独自のテーマで創作に励む(右から)横山さん、山下さん、日髙さん=南島原市、アートビレッジ・シラキノ

 国内外の版画作家を地元に招待し、芸術活動を支援する長崎県南島原市の「アーティスト・イン・レジデンス(AIR)」事業が今夏、1年ぶりに再開し、3人が同市南有馬町の滞在型交流拠点施設「アートビレッジ・シラキノ」(旧白木野小校舎)で創作に励んでいる。
 同市は戦国時代、日本で初めての銅版画が制作された土地とされる。
 2018年に始まったAIR事業は今年で6回目。作家はその土地の文化や歴史に触れ、住民と接する中で、新たな作品の創造を目指す。受け入れ側は作家の創作活動を通じて地域の魅力を再発見できるなど、双方にメリットがある。これまで計13人を招いた。巣立った作家の中には、その後、国際的な芸術家として活躍している人もいる。
 今回は一般公募で、横山麻衣さん(32)=神奈川県=、山下拓也さん(34)=三重県=、日髙衣紅さん(32)=千葉県=が選ばれた。
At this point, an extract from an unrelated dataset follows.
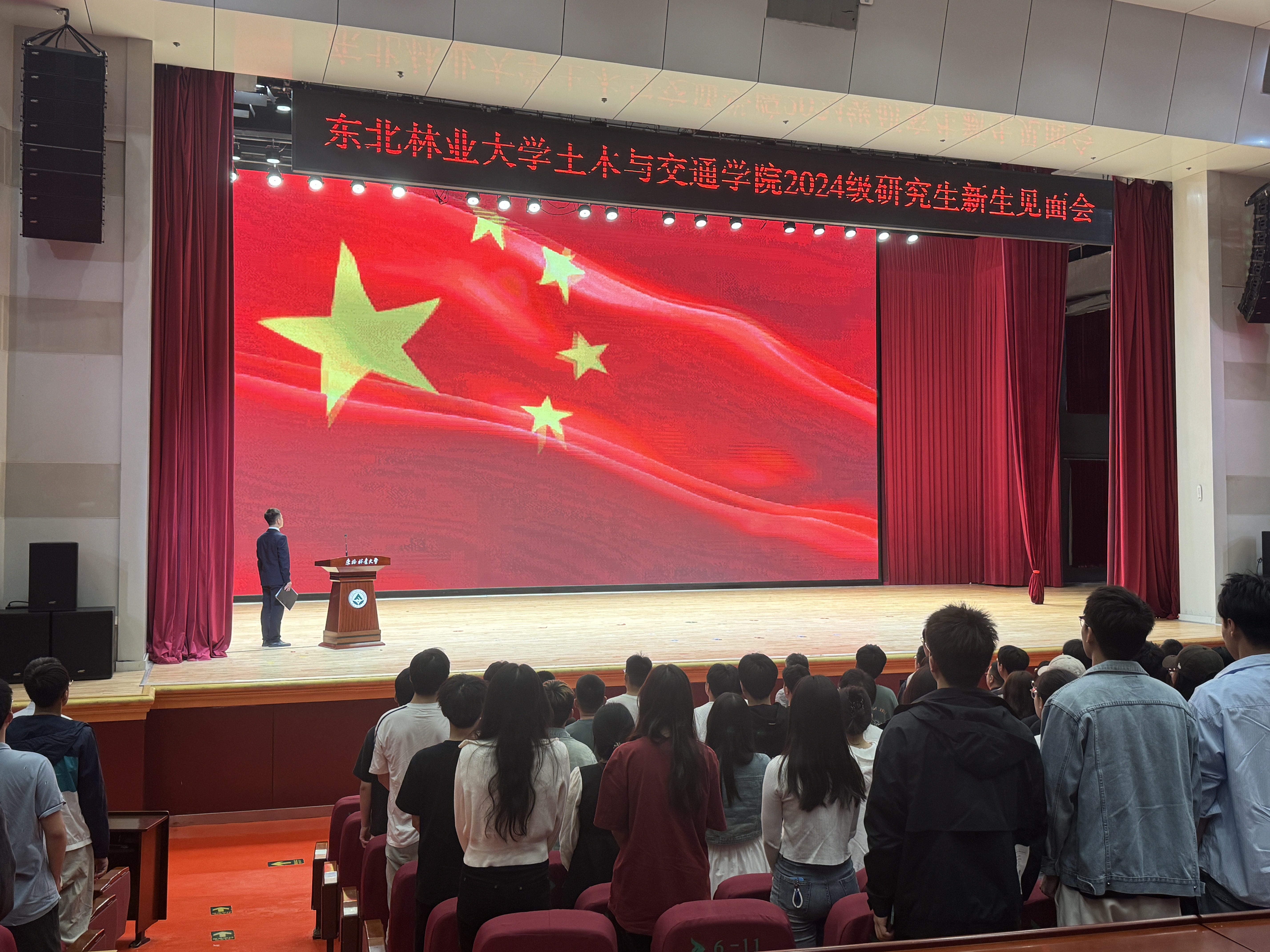 全体师生面向五星红旗,奏唱国歌,以铿锵有力的歌声拉开2024级研究生新生见面会的序幕。

来月30日まで滞在し、創作活動のほか、ワークショップやギャラリートーク、成果展をする。
 横山さんは「闇の中に都会にない深さ、美しさを感じる」、日髙さんは「工房の窓から見える有明海と棚田のコントラストが素晴らしい」と南島原の自然に魅了された様子。山下さんは「ここでしか学ぶことのできないキリスト史や印刷技術を吸収して、作品に表現したい」と抱負を語った。
 東京の版画家で、同施設教育普及係の池田俊彦さん(42)は「3人とも地域に溶け込もうとフィールドワークに意欲的。多くの方が版画と言えば、木版画を想像されると思うが、今回はデジタル世代の版画作家の作品を通じて版画の現代性が垣間見られると思う」と期待を寄せた。